Among the new projects were ideas for various digital technology to improve customer experience within the Federal government from enabling data-driven decision-making to data-driven service to tribal nations.

One of the projects – entitled Baked-in Accessibility for Government Documents – would explore a new technical capability to make accessible government documents more compliant and templatized. According to GSA, despite many high-level Federal priorities and requirements centered on accessibility, many civil servants lack expertise and struggle to deliver fully accessible documents to the public.

Another project – entitled Opt-In Research Opportunities – would explore how a platform or technology could allow Federal researchers to quickly connect with specific communities on improving the delivery of public services.
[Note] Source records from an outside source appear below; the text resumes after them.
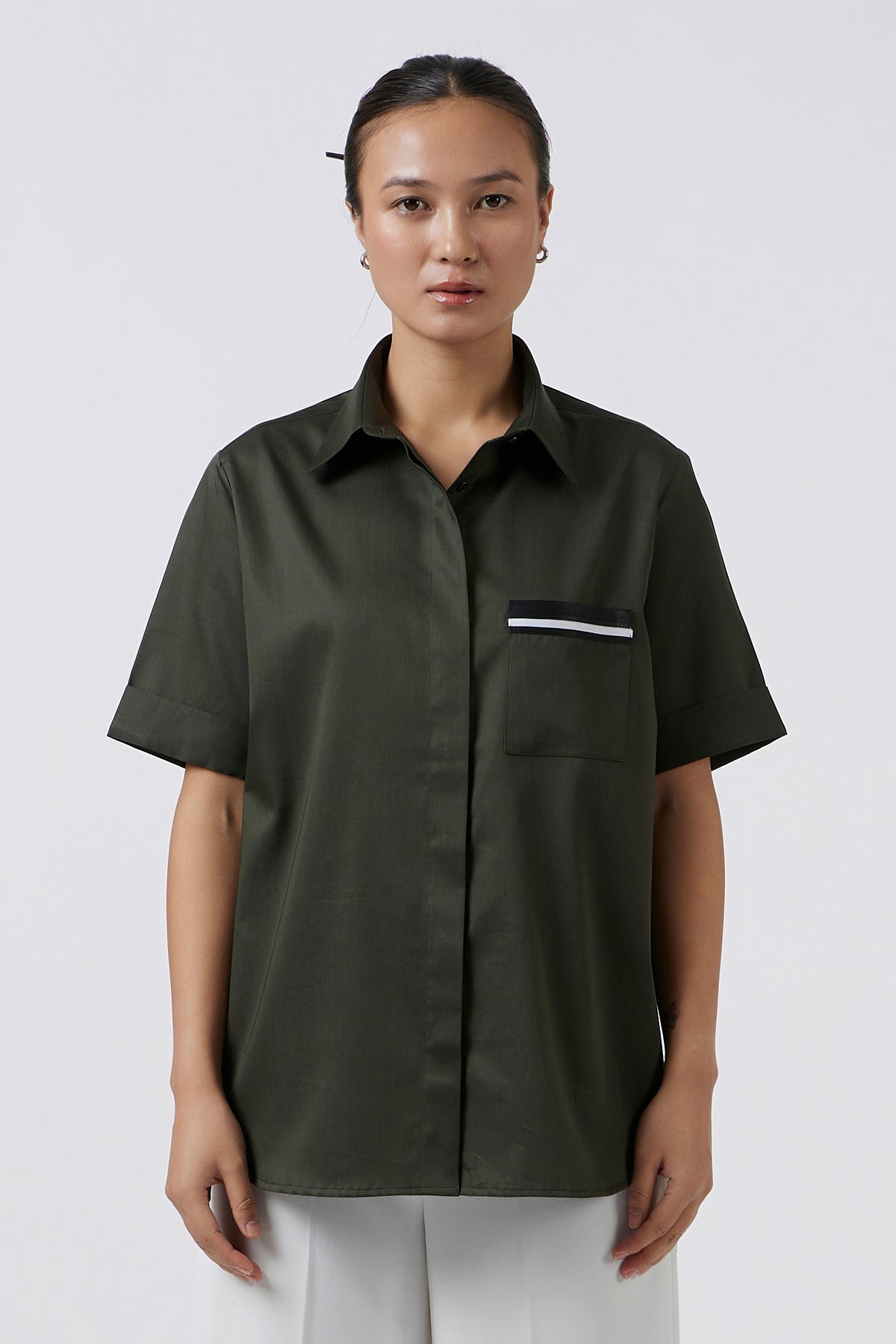 The olive Strip Pocket Shirt is a modern twist on a classic design. Its relaxed fit and classic collar offer comfort and style, while the concealed button placket maintains a sleek silhouette. Half sleeves & chest pocket with contrast ribbon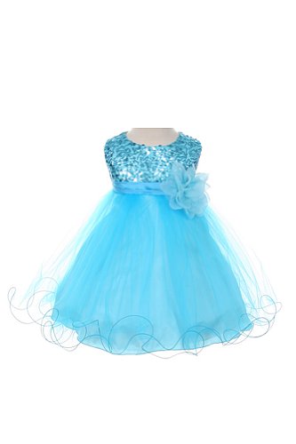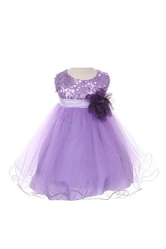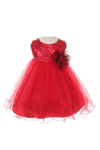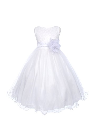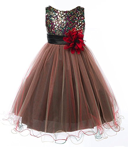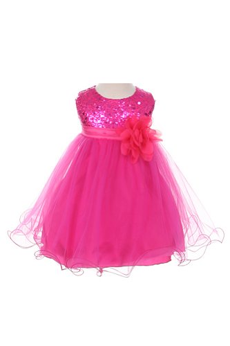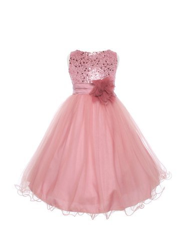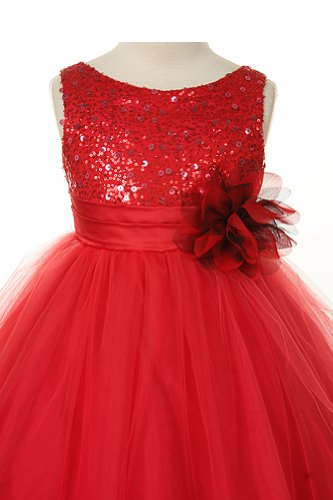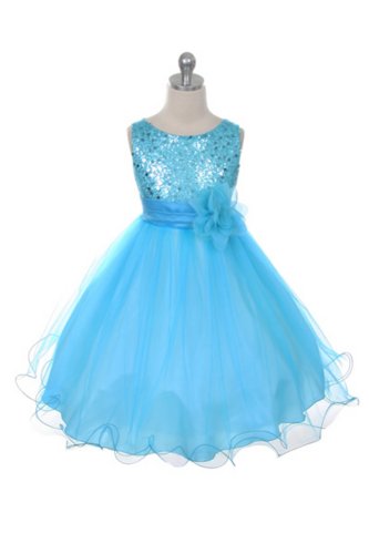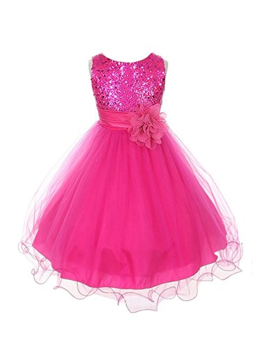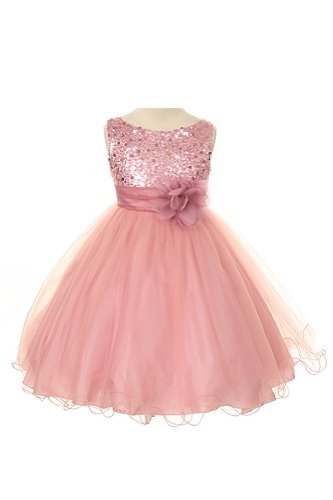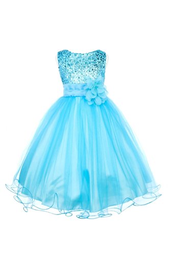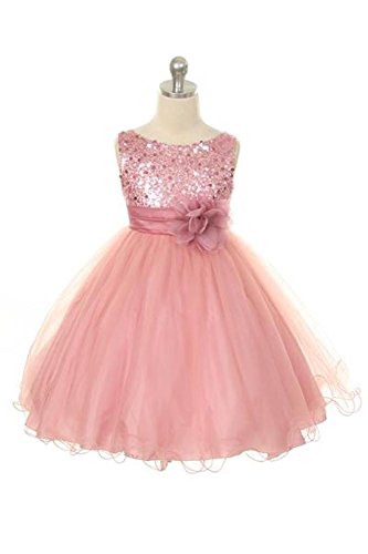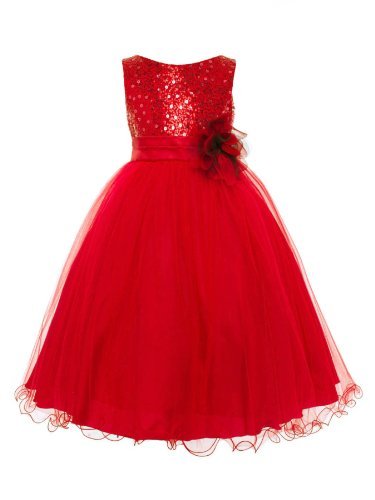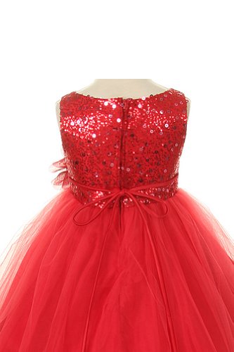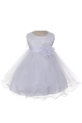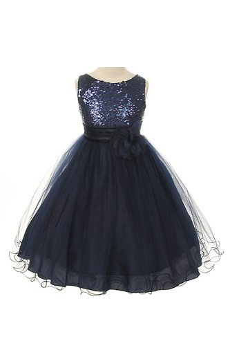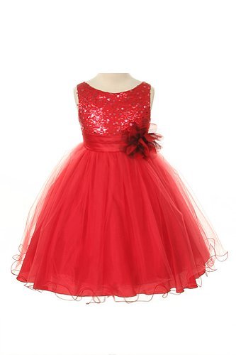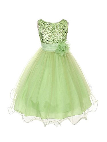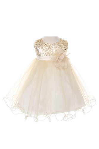 Sparkly feminine knee-length gown has a beautiful empire waist and is made with a double layered mesh finished with a gorgeous flowy double layered ruffle hemline. Fully sequined bodice is sleeveless with hidden zipper back closure and spaghetti satin tie in back. Matching mesh flower is detachable. 100% Polyester. Hand wash. Made in the USA.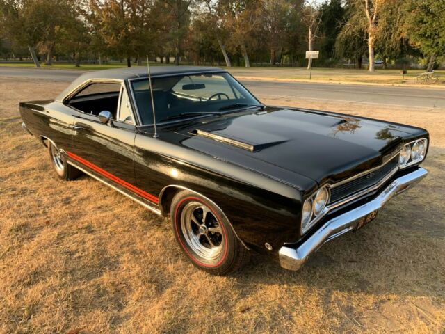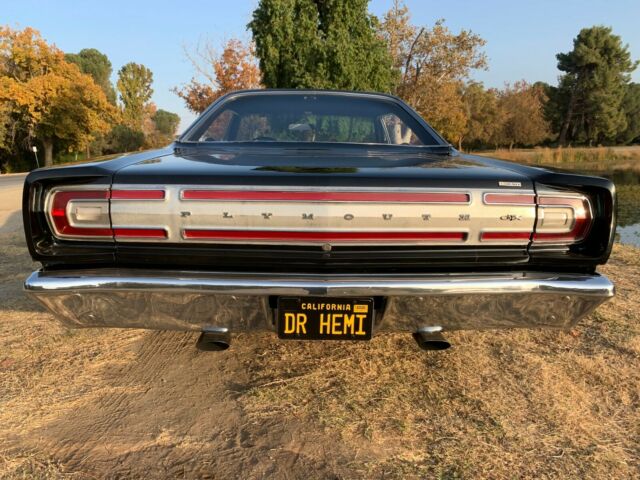 1968 Plymouth GTX 2 dr hardtop, 426 Hemi 2X4 bbl engine, 425 hp, 490 ft-lb torque @ 4000 rpm, Hurst 4-spd manual transmission, original J code Hemi car, engine is not numbers matching however has a period-correct Hemi engine installed. One of only 234 GTX Hemi 4-spds produced for 1968 !! I have owned this car for 18 years and have driven it less than 1500 miles in that time. The two Carter AFB carbs were rebuilt by the Hemi carb expert Dick Katter of Katter Carbs and hemicarbs.net in Manassas VA, and are in excellent condition. 3.23 Sure-Grip Differential, Electronic ignition (hidden), makes this car more drivable on the street. Factory tachometer (reproduction that works), AM radio, no power steering, no power brakes. Temperature gauge and Road Runner horn do not work. Black exterior paint, red side racing stripes, black vinyl roof and black vinyl interior, bucket seats and front seat belts. Houndstooth trunk mat. American Racing 15" Pentastar Road wheels with BF Goodrich Silvertown Redline radial tires. Includes Operator's Manual, Service Manual and 1968 Plymouth Heart front license plate as well as a reproduction window sticker/MSRP label prepared from the fender tag data, which shows an MSRP of $4695 in1968. Has just been tuned up by my mechanic with new spark plugs and brakes installed. California Special license plates from 1960s (black w/gold lettering) and a clear title. Vehicle is sold as is with no warranty expressed or implied. A time machine which will give you a taste of bone stock 1960's American muscle ! I have owned this car for nearly 20 years and it is a lot of fun to drive, truly a trip back in time, I think you will enjoy driving it too! VIN: RS23J8G167781 R - Car style -Plymouth Belvedere, S - Price class (Special), 23 - Body Style (2 dr. Hardtop), J - Engine Code (426 Hemi), 8 -Last digit of model year, G - Assembly Plant code (St. Louis, MO)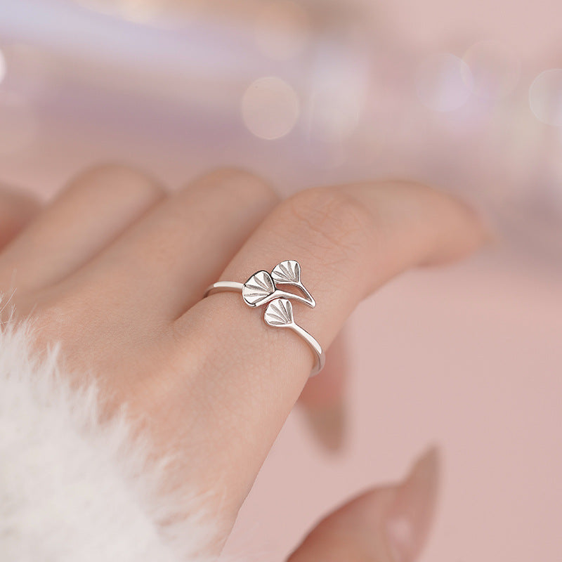 D廠-S999足銀優雅杏葉戒指女氛圍感高級甜美森係可調節指環批發「YC4994R」25.06-4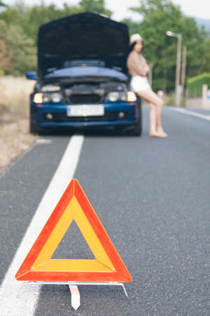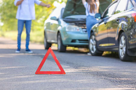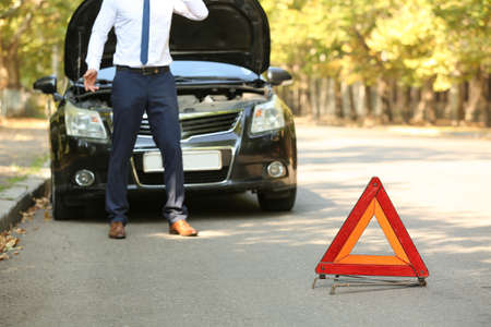 Broken down car. Vehicle engine motor problem concept. Auto accident triangle on road

According to GSA, a universal platform for opting into Federal research opportunities that all agencies could use when engaging with community benefit organizations could both reduce research participant confusion and improve the quality of research outcomes.

Currently, these projects are being staffed and moved into Phase One of the program. During Phase One projects undergo a quick investigation – this usually lasts a few weeks – to identify blockers, validate the proposed idea, and recommend whether to fund further work for Phase Two.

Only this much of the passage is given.